= Minawara and Multultu =

Figures in Australian Aboriginal mythology

In Aboriginal mythology, Minawara and Multultu were kangaroo-men and the legendary ancestors of the Nambutji tribe. The two were given powers by Dreamtime; Minawara the power to change fate and Multultu the power to manipulate time. They are able to combine themselves and become an entity called Minultu with the power to change the order of the world.

== Mythology ==
Minawara and Multultu lived peacefully in their village until another member of their tribe violated a sacred oath. This angered the Deities and caused them to send a large flood to the village. The tribe was swept away, and the harshness of the waters killed many of them. Eventually, the tides stopped. Minawara and Multultu survived the disaster.

With their village destroyed, the two began walking through the wreckage left behind. They walked for a long time without food or water to restore their energy. As they walked, the two began to lose their worldliness. Their noses stopped working, blocked by debris and sand. Their eyes could no longer see because they stopped blinking, afraid to fall asleep and wake up to another disaster. Their organs were destroyed, their bones turned to stone, and their skin became as rough as bark. However, none of these changes stopped them from continuing their journey.
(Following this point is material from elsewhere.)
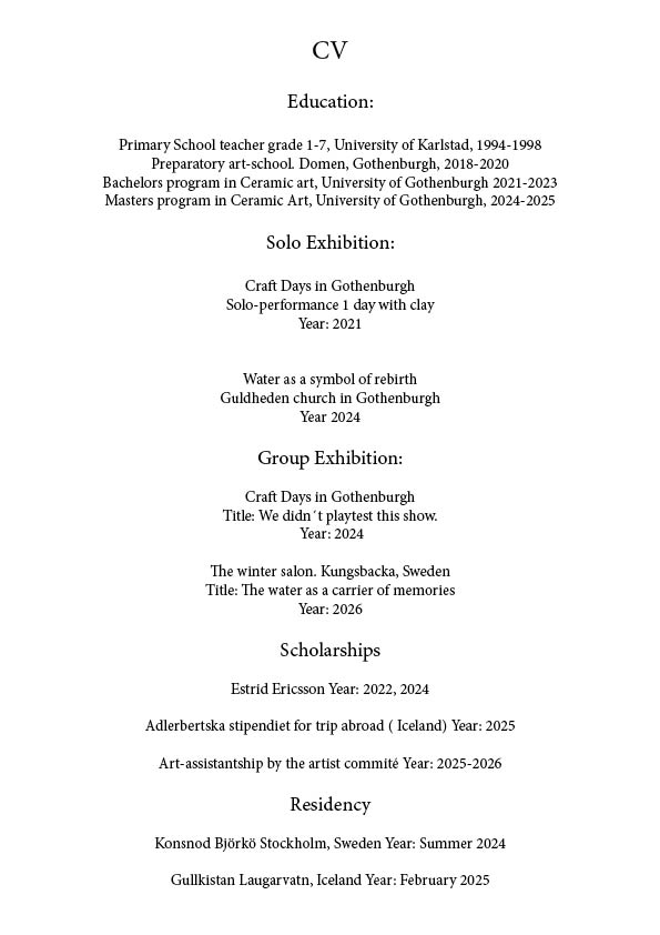 I strive to create a strong physical presence in my ceramic works where traces of my body are often visible. In this intimate dialogue that arises between me and the clay, I allow the clay’s own agents to take center stage, making each work unique with surprising forms and expressions.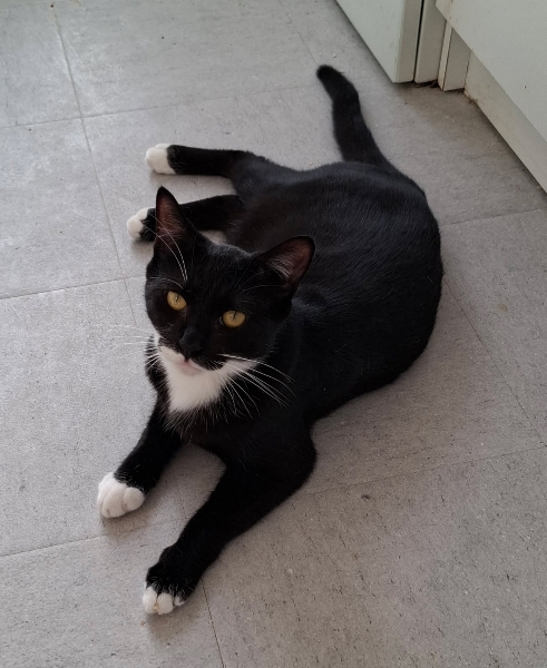 Jeune et élégant chat noir avec plastron et chaussettes blanches . Il est sociable car habitué à la vie en collectivité . Encore jeune, il est joueur mais plutôt placide et gentil . Il recherche une bonne famille d adoption aimante et responsable. Il est visible chez Isabelle à Bonneuil et attend une super famille aimante , disponible et responsable .

Eventually, Minawara, the older and wiser of the pair, felt an instinct to cease their endless wandering. He stopped walking, embraced Multultu, and took his last breath, ending their journey. Minawara and Multultu suddenly found themselves in a void, a formless entity. The entity introduced itself as "Dreamtime" and offered them a choice: end their journey here or begin a new life as new, better, wiser, and stronger versions of themselves. The two took the latter offer, asking for the strength to protect one another. Dreamtime granted them this power, finding them worthy.

Minawara was given the ability to alter fate and Multultu the power to manipulate time. Minawara used his powers to create a force that allowed him to tie himself with Multultu, becoming Minultu, an entity so powerful even Dreamtime was shaken by its presence. Minultu transcends all thought and cannot be explained with logic. It is depicted as a kangaroo with a human body, possessing black and white wings (although some also describe them as red and blue). Minultu is described as a wise, decisive, and responsible being.

With the power to overturn the order of the world, Minawara and Multultu stand on the side of good. They are called both the Guardian of Dreamtime and the Guide to the Dreamtime.